Münhalsiz ve sınavsız istihdamların yasadışı olduğunu ve iptal edilmesi gerektiğini vurgulayan Nazlı, hükümet partilerinin son ellerinde kalan istihdam kozunu kullandığını, özel sektördeki güvencesiz, düşük ücret, sendikasız çalıştırılma koşullarının da insanları devlette çalışmaya yönlendirdiğini ifade etti.

Göç yasasından sonra devlette çalışmanın da cazibesini yitirdiğine değinen Nazlı, yine de kamuda çalışmanın özel sektörün belirsiz, zor çalışma koşullarında ve ekonomik kriz döneminde tercih edildiğini söyledi.

İstihdamlardan medet umacak koşulları ortadan kaldırmamız gerektiğine dikkat çeken Nazlı, Bağımsızlık Yolu’nun önerilerini anlattı. Nazlı, asgari ücretin en düşük kamu maaşına eşitlenmesi ve hayat pahalılığı oranında artması gerektiğini savunduklarını söyledi.
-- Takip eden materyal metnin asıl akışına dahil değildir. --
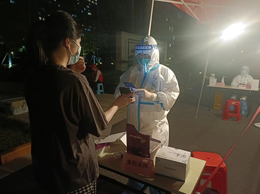 在各核酸檢測現場(chǎng),他們身著(zhù)防護服,耐心組織引導現場(chǎng)群眾有序排隊、掃碼登記,并提醒群眾保持距離、做好防護,確保整個(gè)核酸檢測工作快速、有序進(jìn)行;認真核對受檢群眾的身份信息,測量體溫、錄入信息、對其進(jìn)行樣本采集,確保做到應檢盡檢。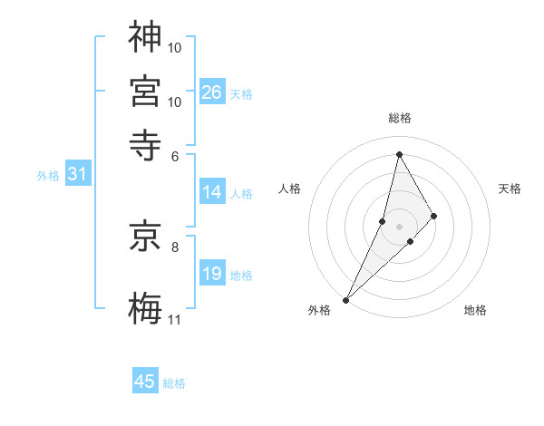 神宮寺 京梅さんの総格は45画の4点!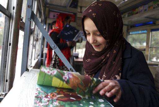 On a recent day in her western Kabul neighborhood of Kart-e-Char, 11-year-old Marwa could hardly wait for the bus to turn the corner of the road so she could see it, run and jump in, and start reading.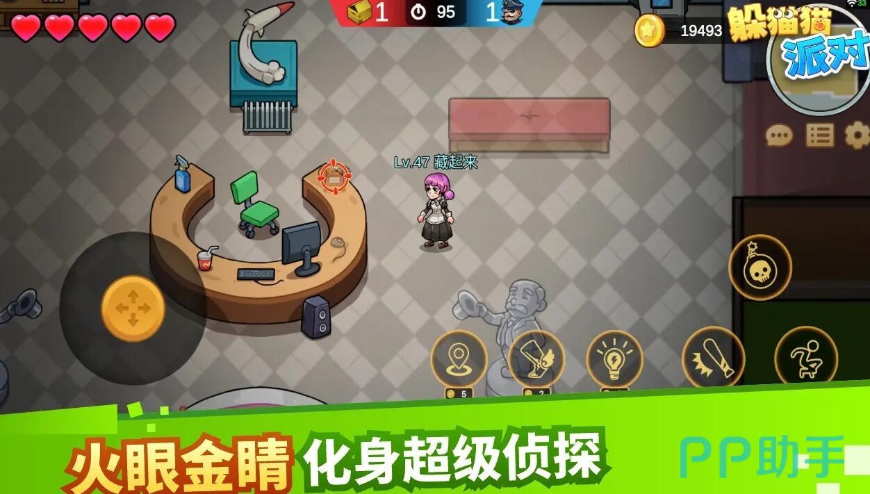 《躲猫猫派对》采用的是5v15的非对称性模式,分为躲藏者和寻找者两大阵营,各自阵营的玩家需要按照身份来进行游戏。对于躲藏者来说,可以化身为花瓶和书本等各种事物完美融入环境。而搜寻者的目的就是使用探测仪等特殊装备来找出躲藏者。游戏中为两个阵营提供了数十种可以使用的特色道具,且部分地图还会因环境影响而增加难度,喜欢捉迷藏的玩家可以尝试。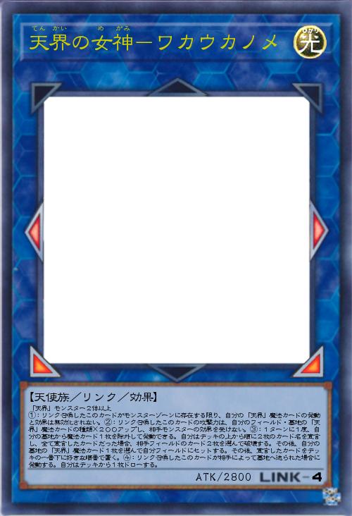 | 「天界」モンスター2体以上 ①:リンク召喚したこのカードがモンスターゾーンに存在する限り、自分の「天界」魔法カードの発動と効果は無効化されない。②:リンク召喚したこのカードの攻撃力は、自分のフィールド・墓地の「天界」魔法カードの種類×200アップし、相手モンスターの効果を受けない。③:1ターンに1度、自分の墓地から魔法カード1枚を除外して発動できる。自分はデッキの上から順に2枚のカード名を宣言し、全て宣言したカードだった場合、相手フィールドのカード2枚を選んで破壊する。その後、自分の墓地の「天界」魔法カード1枚を選んで自分フィールドにセットする。その後、宣言したカードをデッキの一番下に好きな順番で置く。④:リンク召喚したこのカードが相手によって墓地へ送られた場合に発動する。自分はデッキから1枚ドローする。 | |||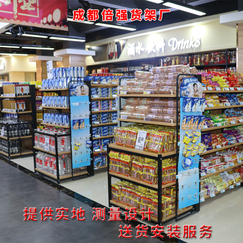 Sichuan Custom Convenience Store Supermarket Shelf shelf Show Shang Supershelf single-sided Double sided Chengdu boutique steel wood shelving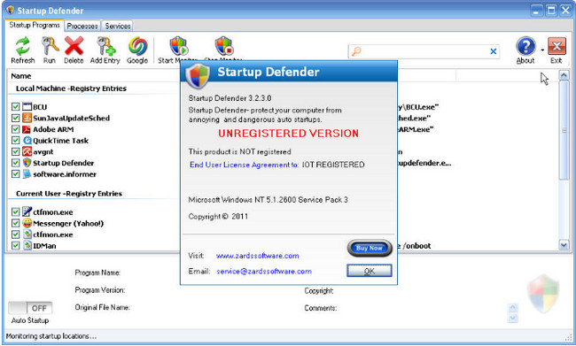 Zards Software Startup Defender Windows sistem çubuğuna yerləşər və avtomatik olaraq çalışan proqramları tapar. Əgər sizin icazə vermədiyiniz bir proqram işə çalışsa onu dayandırar və sizi anında xəbərdar edər. Buna əlavə olaraq hansı proqramların açılışda avtomatik olaraq çalışacağına da qərar verə bilər, canınızı sıxan proqramların işlədilməməsini təmin edə bilərsiniz...

Ayrıca sendikasız çalıştırılmanın yasaklanması gerekliliğini de vurgulayan Nazlı, eğitim, sağlık ve ulaşım gibi temel ihtiyaçların devlet tarafından kamusal olarak sağlanması da hayatı daha da kolaylaştıracağını ifade etti.

“Bakan ve Milletvekili maaşları asgari ücretin üç katını geçmemeli”
Nazlı, Asgari Ücret Tespit Komisyonu’nun da vadesinin dolduğunu ve asgari ücretlinin temsil edilmediği bu komisyonun lağvedilmesini savunduklarını söyledi. Bu yüzdendir ki Bağımsızlık Yolu olarak asgari ücretin en düşük kamu maaşına eşitlenmesini savunduklarını dile getiren Nazlı, kararların kişilerin inisiyatifine kalmaması gerektiğini anlattı.

Bakan ve milletvekili maaşlarına asgari ücret üzerinden bir sınırlama getirilmesini savunduklarını da anlatan Nazlı, maaşların asgari ücretin 2 veya 3 katını geçmeyecek şekilde sınırlandırılması gerektiğini vurguladı. Nazlı, böyle bir sınırlama getirildiği zaman milletvekili ve bakanların asgari ücretin artmasını isteyeceğini belirtti.

Devletin ücretsiz ve kamusal eğitim, sağlık, enerji ve ulaşım hizmetlerini geliştirmesi için Servet Vergisi alınması gerektiğini yıllardır dile getirdiklerini belirten Nazlı, bunların hayata geçmesi halinde insanların temek ihtiyaçlarını ücretsiz karşılayacağını ve asgari ücretin devamlı artması talebinin de güncelliğini yitireceğini söyledi.